Research output: Contribution to journal › Article › peer-review

42 Scopus citations

Abstract

The atomic-scale structure of Zn²⁺ incorporated at the CaCO₃ (1014) surface by adsorption from solution was determined by X-ray standing wave triangulation and surface extended X-ray absorption fine structure spectroscopy. At low coverage (approximately 0.1 ML), Zn²⁺ substitutes for Ca²⁺ in the surface layer.

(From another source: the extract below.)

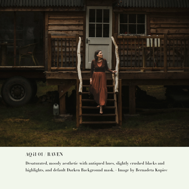 Описание:Пресеты Raven созданы для создания глубокой, угрюмой атмосферы с акцентом на драматические тени, насыщенный черный цвет и глубокие тона. Вдохновленные таинственной красотой сумерек, эти пресеты преобразуют ваши изображения в захватывающие кинематографические произведения. Raven выявляет завораживающий контраст между светом и тьмой, одновременно усиливая тонкие детали с помощью легкого обесцвечивания и теплых полутонов. Идеально подходит для фотографов, которые хотят создать загадочную, задумчивую эстетику с оттенком мистики.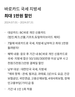 BC카드 앱 페이북에서 '마이태그' 혜택중에 있는 '바로카드 국세, 지방세 최대 1만원 할인' 을 태그 하고 BC 카드로 결제하면 최대 1만원이 할인됩니다.

Structural relaxation of the adjacent in-plane CO^2-₃ ions in the host surface is shown by the reduced nearest-neighbor distance of Zn-O relative to Ca-O. Relaxation of the Zn²⁺ ion in the out-of-plane direction is shown by the displacement of its lattice position from the ideal Ca²⁺ position. These relaxations, resulting in a local lattice buckling feature at the Zn²⁺ adsorption site, can be fully explained as the combined effect of the electrostatic relaxation of the nearest-neighbor anions in response to the smaller size of Zn²⁺, and the bonding asymmetry due to surface truncation.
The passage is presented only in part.